Here is a synopsis of the problems any person facing domestic violence charges faces in regards to their ability to possess a firearm:
Domestic Violence & Collateral Consequences
Sometimes that “simple” misdemeanor is a pain!
*This also applies to felony charges.
The State Made a Good Offer
- The Client Wants to Plead
• In 1996, a Federal Law was enacted which prohibits those convicted of a domestic violence offense from possessing firearms.
• In 2009 in the case,of United States v. Hayes, a West Virginia man was convicted of a domestic violence offense in 1994, against his then-wife, but nowhere in the record was there an indication to a reference to his plea as an “act of domestic violence.” Evidently there was not a specific crime of “domestic violence” at the time, so it was termed an ordinary assault charge.
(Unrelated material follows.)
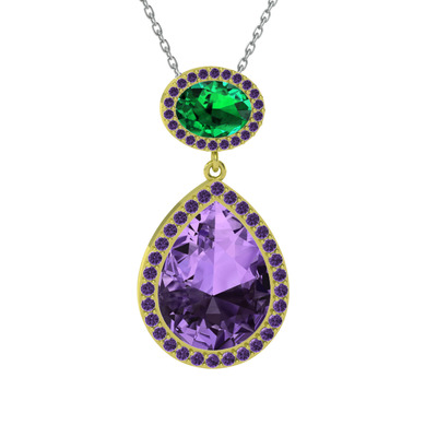 Ametist ve yeşil kuvars 14 ayar altın kolye (40 cm beyaz altın rolo zincir)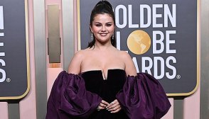 Selena Gomez Stuns In Strapless Purple Valentino Gown With Puff Sleeves At Golden Globes

The Supreme Court found the definition of misdemeanor crime of domestic violence, as it applies to the Federal Statute, to include two elements:
(1) the use or attempted use of physical force or the threatened use of a deadly weapon, and
(2) it must be committed by a person with a specified domestic relationship to the victim.
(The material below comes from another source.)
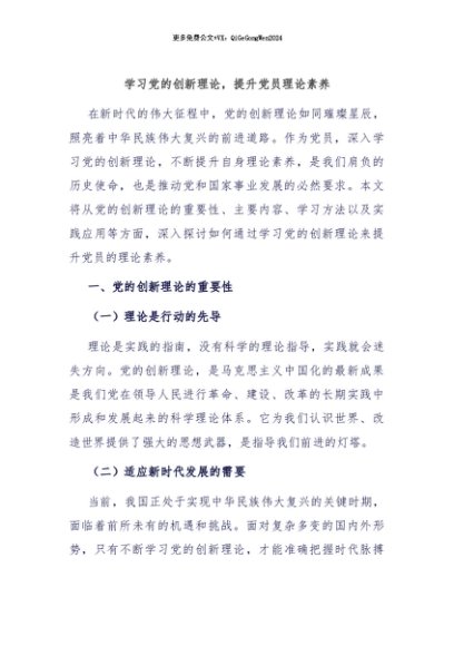 【七哥公文】2024年:学习党的创新理论,提升党员理论素养+更多免费公文+VX:QiGeGongWen2024

The Court held that the statute does not require the prior conviction to specifically apply to an offense of domestic violence, but rather
that the Government can prove such a domestic relationship existed in the previous offense in order to apply the Federal Law in the case at hand.
•The Supreme Court held that requiring a prior offense to be charged specifically as a domestic violence offense would “frustrate Congress’manifest purpose” in preventing the combination of firearms and the tendency of a person to commit domestic violence.
•Under present Federal Law, Domestic Violence is defined as any abusive relationship that results in emotional abuse, physical violence, sexual assault, stalking, assault, and/or threatened violence.
Specifically the Court Said:
• The definition of “misdemeanor crime of domestic violence,” contained in §921(a)(33)(A), imposes two requirements.
• First, the crime must have, “as an element, the use or attempted use of physical force, or the threatened use of a deadly weapon.” §921(a)(33)(A)(ii).
• Second, it must be “committed by” a person who has a specified domestic relationship with the victim.
• The definition does not, however, require the predicate-offense statute to include, as an element, the existence of that domestic relationship.
• Instead, it suffices for the Government to charge and prove a prior conviction that was, in fact, for “an offense … committed by” the defendant against a spouse or other domestic victim.
In Colorado, Domestic Violence is Fast-tracked in many Districts.
•The impact of taking a “plea” in these cases -as a result of Federal Laws such as the Federal Gun Laws mentioned — is extensive and drastic.
DO NOT PLEAD UNLESS AND UNTIL YOU UNDERSTAND THE RAMIFICATIONS OF THE PLEA TO YOUR ABILITY TO OWN FIREARMS!